The regulatory body has recommended that crypto should be assessed on its operational risks to the bank, its credit, and its market liquidity. Well-established currencies, such as Bitcoin, will be managed in line with a “new conservative prudential treatment” the committee said.
Currently, the leading global standard-setter for the prudential regulation of banks, the Basel Committee on Banking Supervision (BCBS) is based in Switzerland and comprises 45 members from bank supervisors and central banks in 28 jurisdictions.
The recommendations have come as a welcomed move by banking leaders and crypto cynics alike, and experts say the move now needs to be followed by a global policy that makes crypto assets safer for both banks and customers. This is despite the potential pitfalls due to crypto being associated with criminal activities and terrorism.
Cryptocurrency regulations welcomed
Although currently, banks have limited exposure to cryptocurrency, the popularity of Bitcoin, Etherium, and others is increasing rapidly among consumer and business transactions.
Recently, El Salvador became the first country in the world to adopt Bitcoin as legal tender.
According to reports, 62 out of 84 congressional votes saw the move approved following President Nayib Bukele's proposal to embrace the cryptocurrency. This occurred despite concern about the potential impact on El Salvador's programme with the International Monetary Fund.
Fintech giants such as PayPal are also loosening their grip on cryptocurrency. The California-based online payments leader recently announced at the Coindesk Consensus 2021 conference, that it would allow customers to move cryptocurrency holdings off its platform via third-party wallets.
PayPal has also enabled users to buy and sell digital currencies through its platform since October 2020.
In an official statement released by the BCSC, the committee’s members said, “Continued growth and innovation in crypto-assets and related services, coupled with the heightened interest of some banks, could increase global financial stability concerns and risks to the banking system in the absence of a specified prudential treatment.”
An opinion report in the Financial Times also backed the move, saying that the popularity of cryptocurrencies shows no signs of slowing down and therefore, its volatility, which puts retailers and lenders at risk, must be made a safer asset.
Data shows that the value of Bitcoin makes up 50% of the cryptocurrency market, which is currently worth an estimated US$2trn.
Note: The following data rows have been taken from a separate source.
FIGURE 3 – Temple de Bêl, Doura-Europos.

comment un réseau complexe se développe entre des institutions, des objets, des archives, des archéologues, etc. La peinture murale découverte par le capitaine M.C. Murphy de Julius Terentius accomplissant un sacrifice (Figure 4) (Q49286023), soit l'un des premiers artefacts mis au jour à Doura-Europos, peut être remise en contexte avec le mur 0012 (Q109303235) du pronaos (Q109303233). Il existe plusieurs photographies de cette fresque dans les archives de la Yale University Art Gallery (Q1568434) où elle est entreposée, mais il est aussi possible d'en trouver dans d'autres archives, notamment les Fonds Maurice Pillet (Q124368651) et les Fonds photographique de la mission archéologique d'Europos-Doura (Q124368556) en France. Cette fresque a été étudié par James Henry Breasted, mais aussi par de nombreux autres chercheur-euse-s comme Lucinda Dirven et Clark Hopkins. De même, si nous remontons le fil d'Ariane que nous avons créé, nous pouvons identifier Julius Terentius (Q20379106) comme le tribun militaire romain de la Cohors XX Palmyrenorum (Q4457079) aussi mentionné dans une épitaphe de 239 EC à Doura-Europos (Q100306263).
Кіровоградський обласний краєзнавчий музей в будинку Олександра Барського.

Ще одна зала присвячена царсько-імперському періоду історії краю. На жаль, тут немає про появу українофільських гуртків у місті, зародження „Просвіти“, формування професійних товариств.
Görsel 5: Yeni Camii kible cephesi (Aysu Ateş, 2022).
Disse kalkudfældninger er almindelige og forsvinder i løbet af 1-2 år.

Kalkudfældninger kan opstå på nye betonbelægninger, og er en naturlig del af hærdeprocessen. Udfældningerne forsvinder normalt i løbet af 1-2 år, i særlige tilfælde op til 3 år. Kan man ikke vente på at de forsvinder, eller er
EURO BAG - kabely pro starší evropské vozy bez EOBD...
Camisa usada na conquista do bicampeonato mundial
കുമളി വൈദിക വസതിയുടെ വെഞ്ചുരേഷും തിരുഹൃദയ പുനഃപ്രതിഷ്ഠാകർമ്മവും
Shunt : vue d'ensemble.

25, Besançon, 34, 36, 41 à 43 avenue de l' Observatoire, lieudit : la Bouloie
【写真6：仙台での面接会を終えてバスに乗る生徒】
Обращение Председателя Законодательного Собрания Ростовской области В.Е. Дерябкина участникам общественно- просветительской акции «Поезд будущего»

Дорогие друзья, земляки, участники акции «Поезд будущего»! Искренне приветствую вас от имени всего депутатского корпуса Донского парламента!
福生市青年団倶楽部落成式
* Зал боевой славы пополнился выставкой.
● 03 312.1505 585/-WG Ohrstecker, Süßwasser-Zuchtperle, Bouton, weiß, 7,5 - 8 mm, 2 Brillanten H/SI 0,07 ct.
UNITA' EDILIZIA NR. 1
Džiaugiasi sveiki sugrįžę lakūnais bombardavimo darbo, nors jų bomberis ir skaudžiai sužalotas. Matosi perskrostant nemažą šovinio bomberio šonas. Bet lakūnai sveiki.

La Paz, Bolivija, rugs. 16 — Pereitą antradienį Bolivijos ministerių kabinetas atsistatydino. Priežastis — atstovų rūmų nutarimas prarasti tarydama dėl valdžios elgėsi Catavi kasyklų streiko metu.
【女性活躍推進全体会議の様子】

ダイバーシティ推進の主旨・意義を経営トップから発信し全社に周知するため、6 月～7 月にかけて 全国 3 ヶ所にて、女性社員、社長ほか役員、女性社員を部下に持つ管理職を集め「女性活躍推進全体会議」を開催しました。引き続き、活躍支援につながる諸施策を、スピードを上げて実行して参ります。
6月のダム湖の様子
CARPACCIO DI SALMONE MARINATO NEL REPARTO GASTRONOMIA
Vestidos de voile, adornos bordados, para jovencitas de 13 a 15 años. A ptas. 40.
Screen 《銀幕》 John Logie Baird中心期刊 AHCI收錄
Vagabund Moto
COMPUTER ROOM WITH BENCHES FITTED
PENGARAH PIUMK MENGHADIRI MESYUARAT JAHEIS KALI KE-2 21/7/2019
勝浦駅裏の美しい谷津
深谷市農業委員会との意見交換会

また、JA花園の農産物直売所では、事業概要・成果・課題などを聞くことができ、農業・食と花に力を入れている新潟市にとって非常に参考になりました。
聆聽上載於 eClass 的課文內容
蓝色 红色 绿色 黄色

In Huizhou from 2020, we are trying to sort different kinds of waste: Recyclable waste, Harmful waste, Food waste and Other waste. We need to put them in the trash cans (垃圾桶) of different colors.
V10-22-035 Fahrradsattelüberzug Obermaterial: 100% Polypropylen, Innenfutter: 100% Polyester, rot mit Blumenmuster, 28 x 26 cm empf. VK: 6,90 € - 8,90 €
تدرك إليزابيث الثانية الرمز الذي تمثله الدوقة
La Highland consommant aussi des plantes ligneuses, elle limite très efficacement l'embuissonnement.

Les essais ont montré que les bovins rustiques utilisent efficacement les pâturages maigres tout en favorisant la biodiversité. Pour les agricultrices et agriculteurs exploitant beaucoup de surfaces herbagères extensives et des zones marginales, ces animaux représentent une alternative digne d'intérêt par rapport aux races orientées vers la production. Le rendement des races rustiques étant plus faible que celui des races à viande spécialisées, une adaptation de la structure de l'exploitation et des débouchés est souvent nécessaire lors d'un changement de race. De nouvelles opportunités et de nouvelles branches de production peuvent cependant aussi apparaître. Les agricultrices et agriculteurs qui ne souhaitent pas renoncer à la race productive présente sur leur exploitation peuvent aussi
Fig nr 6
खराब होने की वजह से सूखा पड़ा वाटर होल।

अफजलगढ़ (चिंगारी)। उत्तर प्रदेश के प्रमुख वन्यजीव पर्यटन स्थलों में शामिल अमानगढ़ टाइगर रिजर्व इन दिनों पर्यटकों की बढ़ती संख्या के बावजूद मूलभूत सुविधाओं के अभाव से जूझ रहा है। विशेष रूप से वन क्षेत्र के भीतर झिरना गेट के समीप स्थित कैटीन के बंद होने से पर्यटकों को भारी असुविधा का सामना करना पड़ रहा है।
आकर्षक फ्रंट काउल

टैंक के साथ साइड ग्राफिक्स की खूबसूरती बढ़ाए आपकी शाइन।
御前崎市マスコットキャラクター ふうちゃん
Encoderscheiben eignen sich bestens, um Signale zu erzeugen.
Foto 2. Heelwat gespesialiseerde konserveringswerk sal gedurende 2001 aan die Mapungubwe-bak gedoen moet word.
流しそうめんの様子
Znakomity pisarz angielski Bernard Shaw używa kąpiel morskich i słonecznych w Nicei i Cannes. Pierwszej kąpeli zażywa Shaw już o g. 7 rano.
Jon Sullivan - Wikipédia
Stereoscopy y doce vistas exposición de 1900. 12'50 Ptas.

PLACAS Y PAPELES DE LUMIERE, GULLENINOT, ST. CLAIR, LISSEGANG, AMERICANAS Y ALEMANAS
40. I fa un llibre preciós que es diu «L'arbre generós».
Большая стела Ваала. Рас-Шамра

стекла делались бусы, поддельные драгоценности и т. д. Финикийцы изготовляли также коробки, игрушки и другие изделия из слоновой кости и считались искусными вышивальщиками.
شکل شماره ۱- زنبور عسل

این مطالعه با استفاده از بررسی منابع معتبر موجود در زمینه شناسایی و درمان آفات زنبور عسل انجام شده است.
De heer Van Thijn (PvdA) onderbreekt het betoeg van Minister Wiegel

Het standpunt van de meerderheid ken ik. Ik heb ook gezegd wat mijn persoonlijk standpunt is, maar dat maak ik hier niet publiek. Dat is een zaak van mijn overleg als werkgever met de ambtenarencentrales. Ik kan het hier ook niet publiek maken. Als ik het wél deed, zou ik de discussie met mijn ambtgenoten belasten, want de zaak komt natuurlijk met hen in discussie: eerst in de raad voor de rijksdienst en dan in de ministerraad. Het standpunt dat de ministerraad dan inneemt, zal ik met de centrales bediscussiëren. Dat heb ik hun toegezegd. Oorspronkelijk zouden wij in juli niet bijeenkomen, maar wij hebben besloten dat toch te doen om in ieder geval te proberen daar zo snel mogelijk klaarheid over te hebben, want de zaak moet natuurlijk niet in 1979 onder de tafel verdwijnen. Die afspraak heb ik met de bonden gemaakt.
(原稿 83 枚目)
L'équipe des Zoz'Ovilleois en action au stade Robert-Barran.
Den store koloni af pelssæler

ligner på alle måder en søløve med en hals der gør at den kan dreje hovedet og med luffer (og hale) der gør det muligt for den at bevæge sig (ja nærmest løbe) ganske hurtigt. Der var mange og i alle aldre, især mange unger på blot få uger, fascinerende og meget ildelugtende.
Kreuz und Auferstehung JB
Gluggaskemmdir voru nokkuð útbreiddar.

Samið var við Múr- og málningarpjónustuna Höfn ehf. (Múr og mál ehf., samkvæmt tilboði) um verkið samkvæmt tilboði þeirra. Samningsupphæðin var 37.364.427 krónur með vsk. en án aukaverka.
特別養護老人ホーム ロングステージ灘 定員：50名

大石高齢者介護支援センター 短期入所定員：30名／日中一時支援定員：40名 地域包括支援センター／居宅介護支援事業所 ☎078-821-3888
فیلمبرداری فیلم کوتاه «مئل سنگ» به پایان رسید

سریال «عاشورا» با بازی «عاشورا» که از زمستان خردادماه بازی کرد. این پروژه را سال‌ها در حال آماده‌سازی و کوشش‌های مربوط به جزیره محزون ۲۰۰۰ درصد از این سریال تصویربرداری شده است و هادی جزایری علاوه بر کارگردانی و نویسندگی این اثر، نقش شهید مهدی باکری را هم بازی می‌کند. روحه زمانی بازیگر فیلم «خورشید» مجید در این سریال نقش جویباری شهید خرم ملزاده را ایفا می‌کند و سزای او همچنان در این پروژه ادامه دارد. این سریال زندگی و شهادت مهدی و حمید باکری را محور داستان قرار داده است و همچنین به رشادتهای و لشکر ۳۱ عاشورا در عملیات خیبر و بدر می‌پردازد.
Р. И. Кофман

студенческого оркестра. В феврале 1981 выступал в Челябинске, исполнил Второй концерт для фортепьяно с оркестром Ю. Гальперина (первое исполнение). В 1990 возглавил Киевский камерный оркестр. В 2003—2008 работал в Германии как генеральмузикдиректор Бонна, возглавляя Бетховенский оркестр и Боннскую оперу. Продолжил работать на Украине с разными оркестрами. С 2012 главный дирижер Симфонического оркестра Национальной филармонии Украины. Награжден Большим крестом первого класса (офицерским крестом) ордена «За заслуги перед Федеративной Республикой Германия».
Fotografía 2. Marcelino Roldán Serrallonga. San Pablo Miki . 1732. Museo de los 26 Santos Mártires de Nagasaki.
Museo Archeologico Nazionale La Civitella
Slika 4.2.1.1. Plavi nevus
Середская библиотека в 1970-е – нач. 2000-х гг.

The BCBS announcement also boosted the value of the market because regulation classes cryptocurrency officially as an asset and is a significant recognition of maturation.
However, volatility remains an issue following Bitcoin’s turbulent year, which has seen it rise from $30,00 to more than $60,00 and then back down to $37,000 in under 12 months.
Crypto cynics not happy
But not everyone is pleased about the move. The director of the CPB Netherlands Bureau for Economic Policy Analysis, Pieter Hasekamp, published an article entitled ‘The Netherlands must ban Bitcoin” in response to the news for daily newspaper Het Financieele Dagblad
Hasekamp has predicted that cryptocurrency is a bubble that will ultimately collapse. He also urged the Netherlands government to ban bitcoin and other cryptocurrencies with immediate effect.
He said, “Cryptocurrencies are unsuitable as a unit of account and means of payment outside the criminal circuit; its use as a store of value is based on the hope that cryptocurrencies will one day replace real money. But that’s not going to happen.”
He continued, “Cryptocurrencies are essentially neither money nor a financial product, but an example of what Nobel laureate Robert Shiller calls a contagious narrative: a contagious story in which people believe because other people believe in it. Gresham’s law is replaced by Newton’s law: what goes up, must come down.”